Every hive inspection produces scattered notes — stores, brood pattern, temper, mite counts. Turned into a small set of tracked KPIs and read across the season, those notes become decisions: when to feed, when to treat for varroa, when to add supers. This scene renders each hive's four core metrics as a live 3D bar chart, and rolls them up into a floating apiary-wide dashboard above the yard.
Beekeepers who log even three or four numbers per hive per visit — stores, brood frames, mite drop, temper — can spot a failing queen or a mite spike weeks before it would show up as dead colonies, simply by watching the trend line bend.
A live 3D apiary where every hive grows its own bar chart of core metrics, feeding a floating holographic dashboard that turns scattered inspection notes into a small set of tracked KPIs.
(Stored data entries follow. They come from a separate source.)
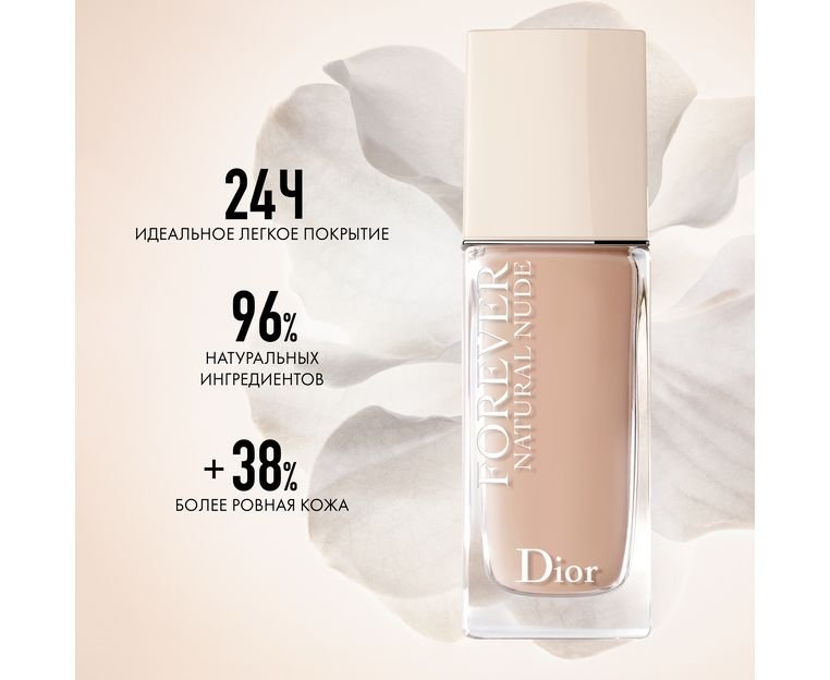 Откройте для себя натуральный финиш тонального средства Dior Forever Natural Nude: 24ч идеальное натуральное покрытие, формула состоящая из 96% натуральных ингредиентов- концентрация цветочного ухода за кожей.
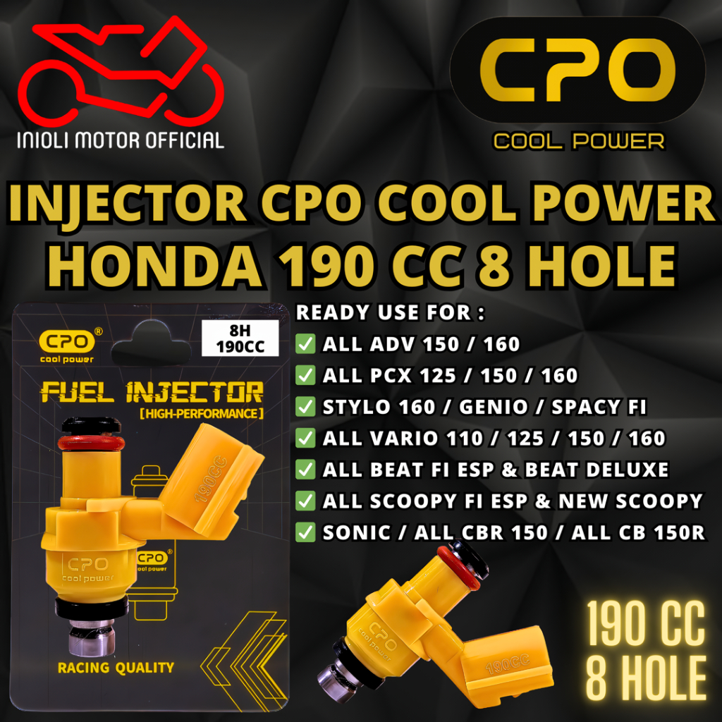 INJECTOR CPO COOL POWER 190CC 8 H0LE BEAT SCOOPY VARIO PCX ADV GENIO STYLO BEAT DELUXE SONIC CB CBR 150R CRF SUPRA GTR V
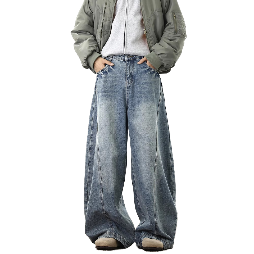 กางเกงยีนส์ขาตรงสำหรับผู้ชาย, กางเกงยีนส์มีกระดุมระบายอากาศแนวสตรีทแบบลำลองแฟชั่นผ้าฝ้าย100%
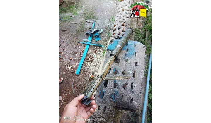 Photo by SHAN/ ယနေ့မနက်ပိုင်းက သိန္နီ တွင်ပစ်ခတ်မှုဖြစ်ပွားရာ လူနေအိမ်အပေါ်လက်နက်ကြီးကျည်များကျရောက်
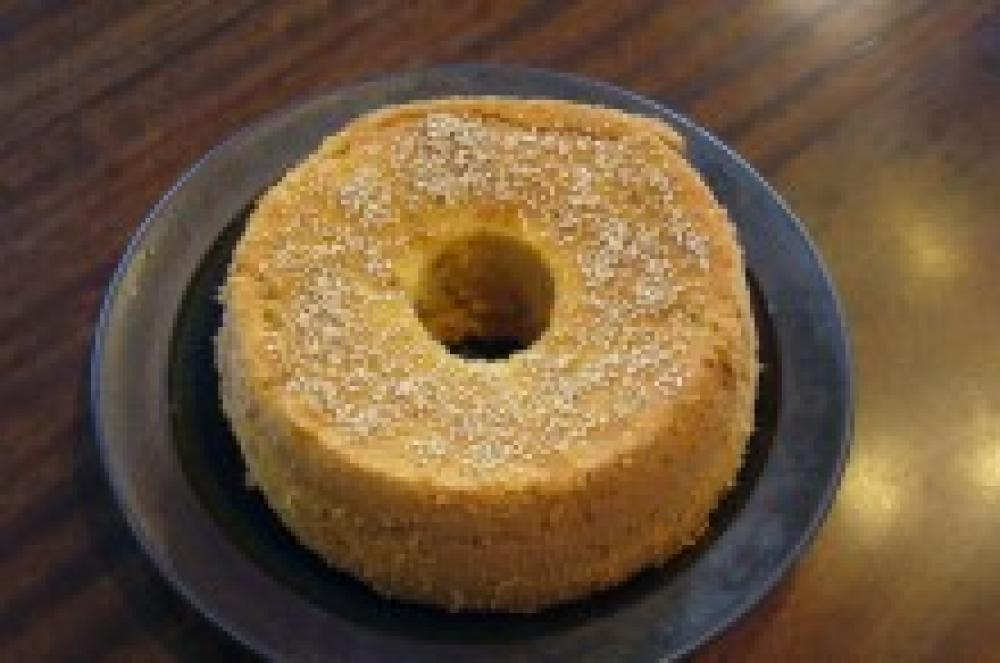 型の回りにバターを軽く塗って、生地を流しこみ、180℃のオーブンで35分焼く。生地が膨らんでくるよ。
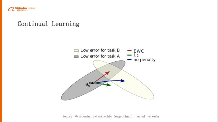 你发现它学习的时候,学会了A再学会B,A忘了,这个其实是对通用人工智能是非常大的挑战,最近DeepMind也发了一个相关工作的paper,这也是一个promising的方向,大家有兴趣可以去看一下,他们的算法叫EWC。
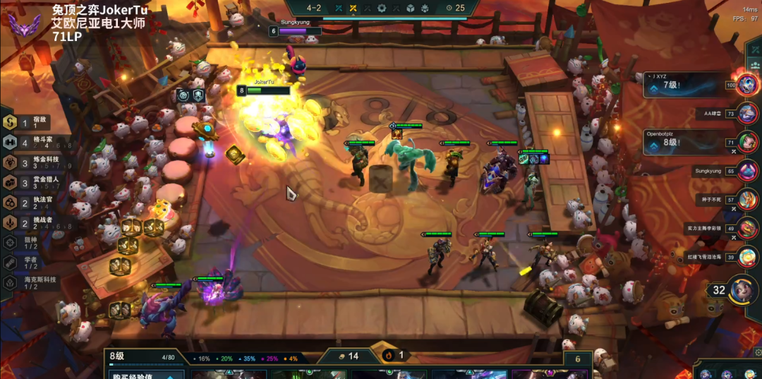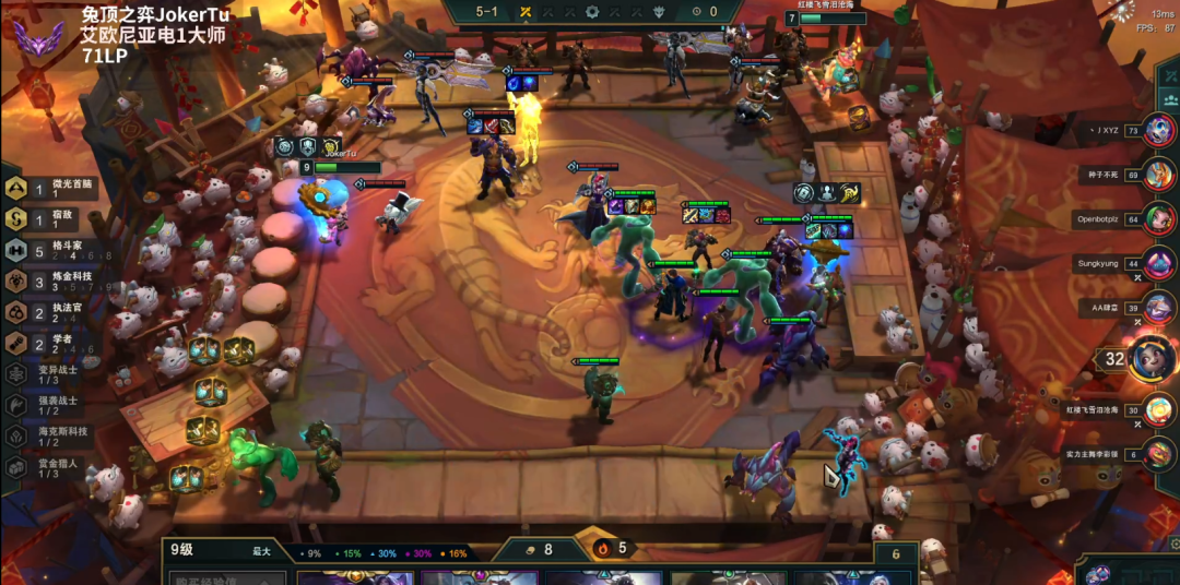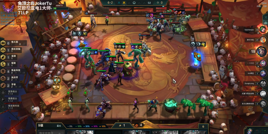 到了后期,质量才是第一位的,常规的德莱文碰到大成斗毒就是被吊打,靠着就是一堆五费两星的强大,而且有塔姆装备多,过渡期偶尔能见到怪物断你连胜,但是你的容错其实比正常运营还高,因为绝大多数人你都能赢,最终集体5费2星,就有机会吃鸡了,连败斗毒和连败德莱文一样,这种极致的运营对常规运营的强度属于碾压,成型基本上就是决赛圈。
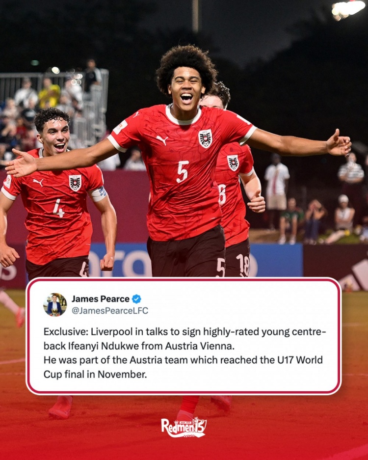 潜力股!TA:利物浦商谈引进奥地利维也纳17岁中卫恩杜克韦
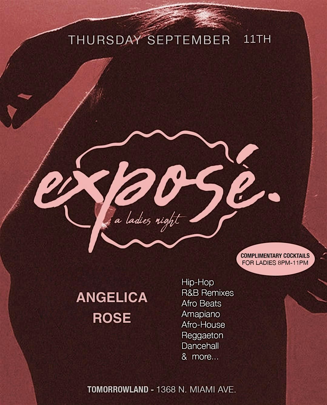 Thursdays in Miami just found its glow. EXPOSÉ is all about the ladies—complimentary cocktails flow from 8–11PM, while the vibe continues to 2am and the energy is on full tilt at TomorrowLand Miami. Blending hip hop, rnb, danchall, & international sounds, Angelica Rose sets the tone—fun, sexy, and nothing but good energy. For the women, it’s a night to own; for the men, it’s the only place to be.
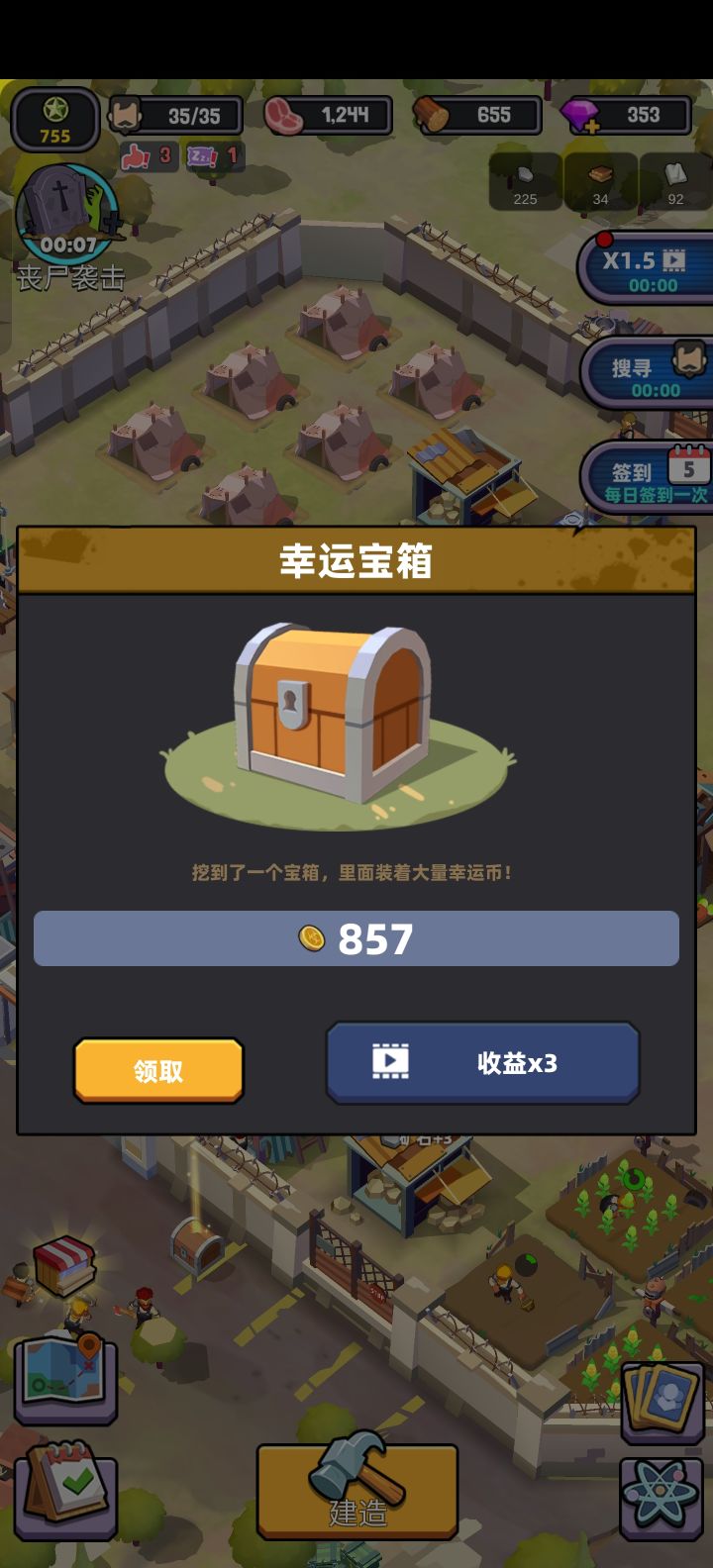 还有一些奇奇怪怪的bug,挂机奖励大砍一刀,资源存储超上限,门口金币箱金额不变(仅一图,应该是随繁荣度之类的发展会提升数值的),加工厂不消耗原料,不够材料也能升级等等等等,bug很影响游戏体验,扣分。

Four hive-level metrics — honey stores, brood pattern, population and mite load — evolve across a simulated season and roll up into an apiary-wide dashboard, mirroring how real inspection data becomes a decision tool.
Scrub through the season, set a mite alert threshold, pick which metric drives the dashboard and trend line, and switch apiary size to see how variance between hives shows up in the aggregate.
Tracking just a handful of consistent numbers per hive visit — rather than free-text notes — is usually enough to catch a failing queen or a mite spike weeks before it becomes a dead-out.